* _Recorded information_:
__________________________________________________

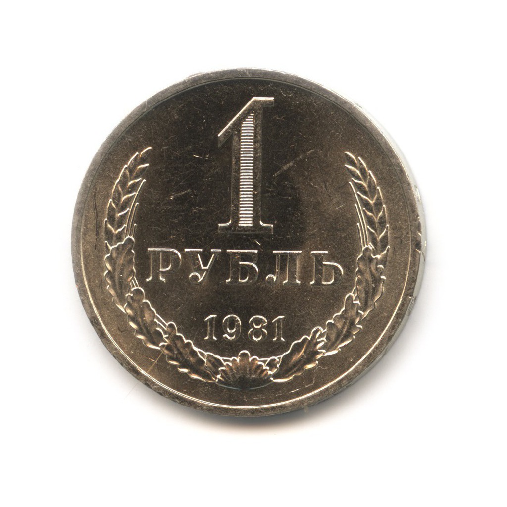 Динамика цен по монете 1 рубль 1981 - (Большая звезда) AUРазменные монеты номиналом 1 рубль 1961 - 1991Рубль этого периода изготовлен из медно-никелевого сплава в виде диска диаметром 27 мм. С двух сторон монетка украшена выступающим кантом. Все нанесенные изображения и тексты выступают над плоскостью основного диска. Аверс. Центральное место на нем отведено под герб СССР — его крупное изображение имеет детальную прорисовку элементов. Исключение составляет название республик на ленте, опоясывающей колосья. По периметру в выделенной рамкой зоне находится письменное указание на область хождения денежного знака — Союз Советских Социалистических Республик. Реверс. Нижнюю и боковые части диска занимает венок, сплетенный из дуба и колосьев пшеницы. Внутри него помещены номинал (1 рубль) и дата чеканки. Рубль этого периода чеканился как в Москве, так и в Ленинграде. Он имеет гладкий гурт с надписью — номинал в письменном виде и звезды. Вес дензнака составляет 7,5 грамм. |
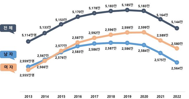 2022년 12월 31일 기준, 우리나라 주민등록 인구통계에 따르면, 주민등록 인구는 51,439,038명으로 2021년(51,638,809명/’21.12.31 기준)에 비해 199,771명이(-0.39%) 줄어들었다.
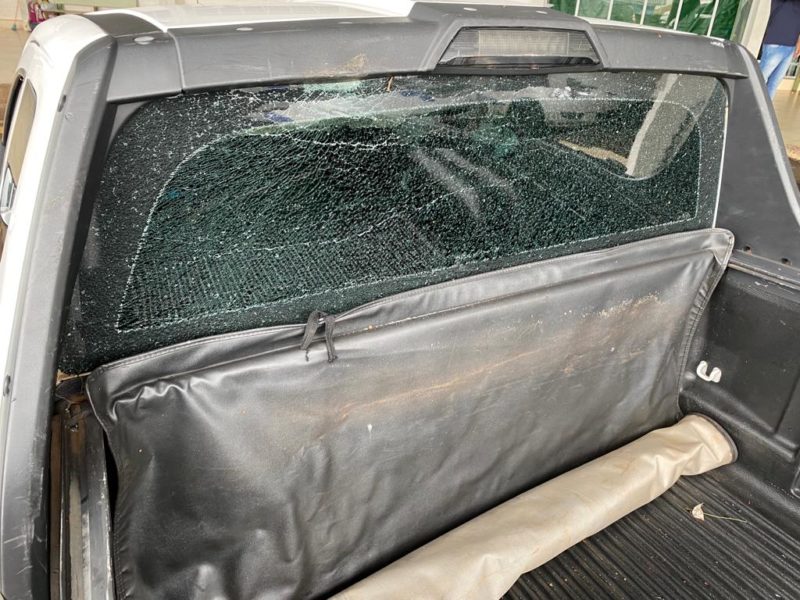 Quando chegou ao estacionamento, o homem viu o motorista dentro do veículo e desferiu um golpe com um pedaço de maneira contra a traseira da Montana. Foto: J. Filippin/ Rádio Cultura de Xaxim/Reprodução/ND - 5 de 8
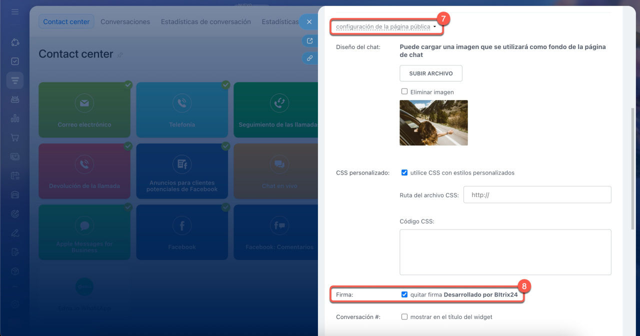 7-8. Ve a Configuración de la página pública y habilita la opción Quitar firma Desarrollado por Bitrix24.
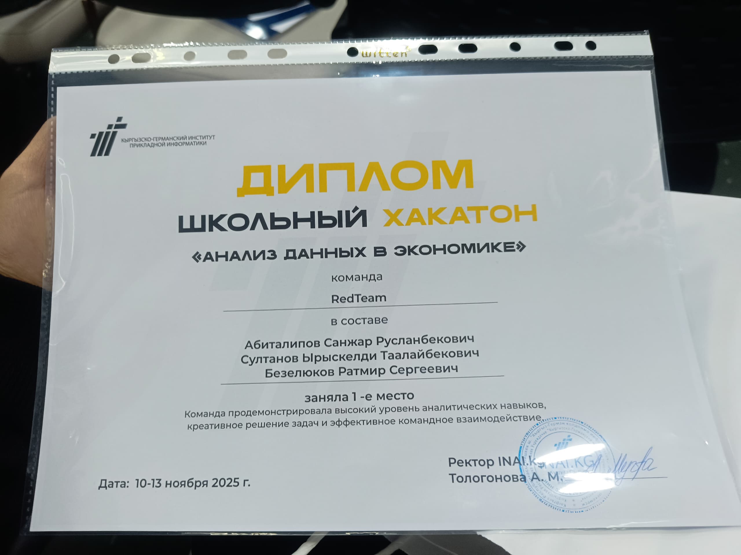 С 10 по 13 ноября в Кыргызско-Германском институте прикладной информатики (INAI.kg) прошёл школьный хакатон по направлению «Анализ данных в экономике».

__________________________________________________

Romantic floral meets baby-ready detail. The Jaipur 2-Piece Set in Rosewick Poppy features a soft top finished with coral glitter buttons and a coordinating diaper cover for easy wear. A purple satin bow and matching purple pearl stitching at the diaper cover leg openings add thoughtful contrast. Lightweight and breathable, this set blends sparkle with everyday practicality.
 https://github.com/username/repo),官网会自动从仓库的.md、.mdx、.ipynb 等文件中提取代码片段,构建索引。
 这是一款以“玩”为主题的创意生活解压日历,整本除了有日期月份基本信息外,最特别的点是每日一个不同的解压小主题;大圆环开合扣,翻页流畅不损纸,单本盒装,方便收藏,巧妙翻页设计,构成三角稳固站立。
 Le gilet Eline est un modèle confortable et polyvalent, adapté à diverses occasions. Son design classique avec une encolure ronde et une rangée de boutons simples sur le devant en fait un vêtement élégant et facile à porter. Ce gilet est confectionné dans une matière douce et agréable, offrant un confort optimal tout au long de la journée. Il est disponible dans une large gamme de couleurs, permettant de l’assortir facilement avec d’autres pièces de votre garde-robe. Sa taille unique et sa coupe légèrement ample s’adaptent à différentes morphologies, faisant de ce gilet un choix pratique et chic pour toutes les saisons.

__________________________________________________

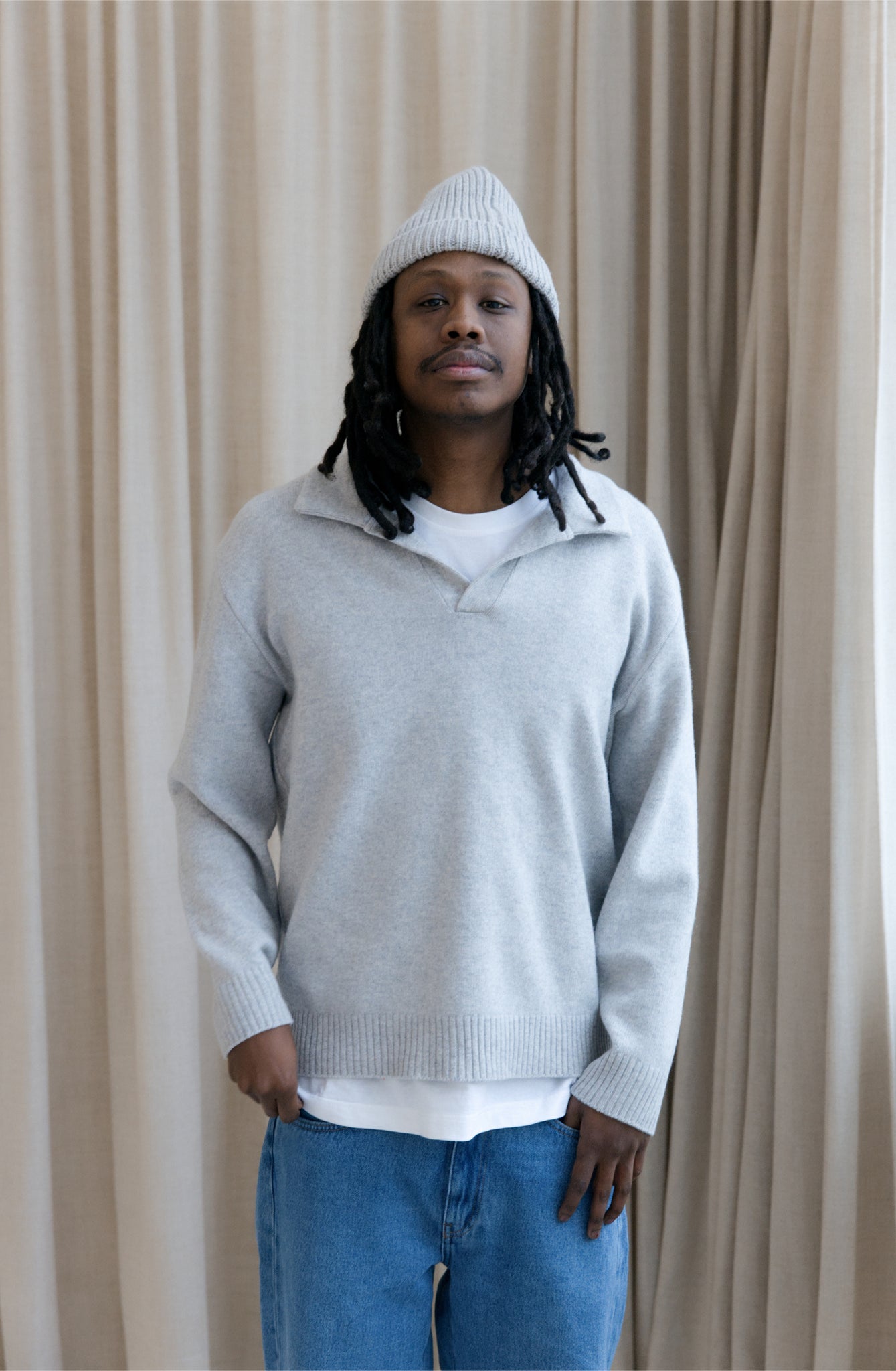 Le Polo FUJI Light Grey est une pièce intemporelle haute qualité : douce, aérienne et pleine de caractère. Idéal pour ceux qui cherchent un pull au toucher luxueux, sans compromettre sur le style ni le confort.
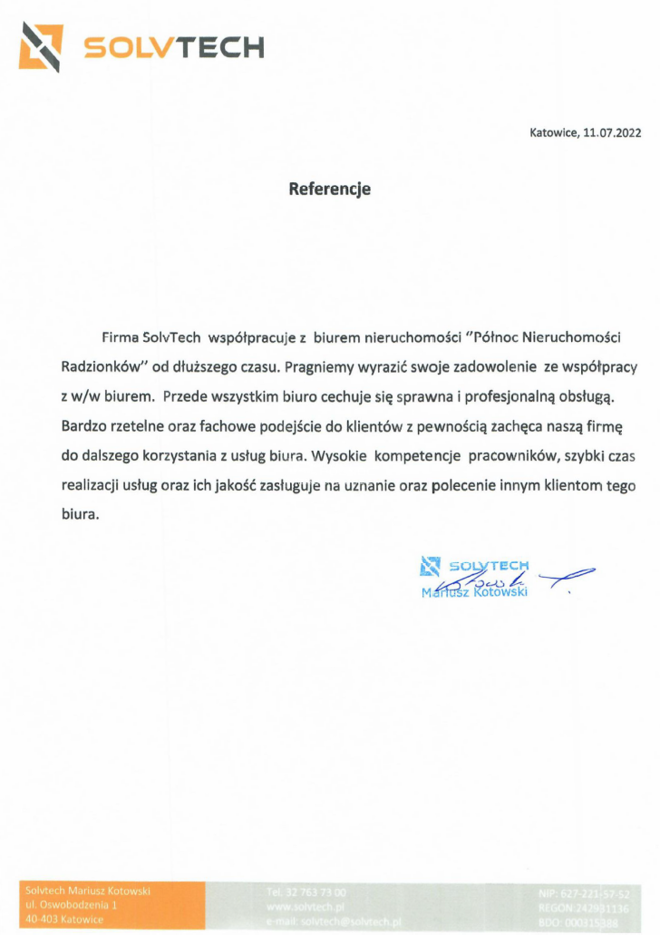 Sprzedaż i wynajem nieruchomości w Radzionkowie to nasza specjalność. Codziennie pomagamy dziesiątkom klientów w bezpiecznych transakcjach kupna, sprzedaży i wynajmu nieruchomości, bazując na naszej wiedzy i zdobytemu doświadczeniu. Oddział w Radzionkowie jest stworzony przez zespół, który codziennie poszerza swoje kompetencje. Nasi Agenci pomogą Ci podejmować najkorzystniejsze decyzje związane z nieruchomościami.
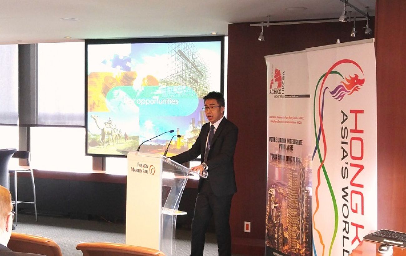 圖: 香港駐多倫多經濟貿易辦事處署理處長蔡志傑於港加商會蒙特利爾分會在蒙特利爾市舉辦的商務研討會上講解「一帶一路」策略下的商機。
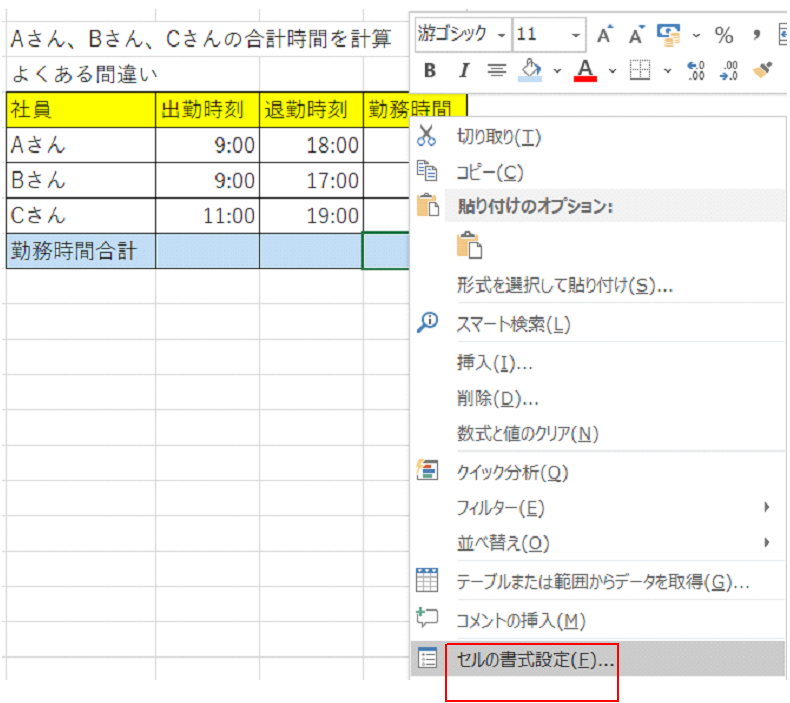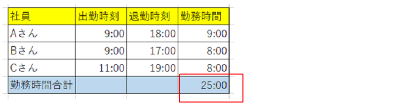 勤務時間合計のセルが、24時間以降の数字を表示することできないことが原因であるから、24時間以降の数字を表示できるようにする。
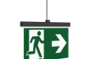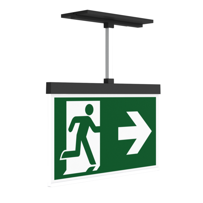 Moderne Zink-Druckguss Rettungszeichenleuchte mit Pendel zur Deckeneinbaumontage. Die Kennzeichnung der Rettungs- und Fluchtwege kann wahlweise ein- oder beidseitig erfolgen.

__________________________________________________

* _Task directions_: Above are records; repeat only the lines from the line with "Динамика цен по" through the line with "С 10 по 13 ноября", and leave pictures out.

* _Response to the task_:
 Динамика цен по монете 1 рубль 1981 - (Большая звезда) AUРазменные монеты номиналом 1 рубль 1961 - 1991Рубль этого периода изготовлен из медно-никелевого сплава в виде диска диаметром 27 мм. С двух сторон монетка украшена выступающим кантом. Все нанесенные изображения и тексты выступают над плоскостью основного диска. Аверс. Центральное место на нем отведено под герб СССР — его крупное изображение имеет детальную прорисовку элементов. Исключение составляет название республик на ленте, опоясывающей колосья. По периметру в выделенной рамкой зоне находится письменное указание на область хождения денежного знака — Союз Советских Социалистических Республик. Реверс. Нижнюю и боковые части диска занимает венок, сплетенный из дуба и колосьев пшеницы. Внутри него помещены номинал (1 рубль) и дата чеканки. Рубль этого периода чеканился как в Москве, так и в Ленинграде. Он имеет гладкий гурт с надписью — номинал в письменном виде и звезды. Вес дензнака составляет 7,5 грамм. |
 2022년 12월 31일 기준, 우리나라 주민등록 인구통계에 따르면, 주민등록 인구는 51,439,038명으로 2021년(51,638,809명/’21.12.31 기준)에 비해 199,771명이(-0.39%) 줄어들었다.
 Quando chegou ao estacionamento, o homem viu o motorista dentro do veículo e desferiu um golpe com um pedaço de maneira contra a traseira da Montana. Foto: J. Filippin/ Rádio Cultura de Xaxim/Reprodução/ND - 5 de 8
 7-8. Ve a Configuración de la página pública y habilita la opción Quitar firma Desarrollado por Bitrix24.
 С 10 по 13 ноября в Кыргызско-Германском институте прикладной информатики (INAI.kg) прошёл школьный хакатон по направлению «Анализ данных в экономике».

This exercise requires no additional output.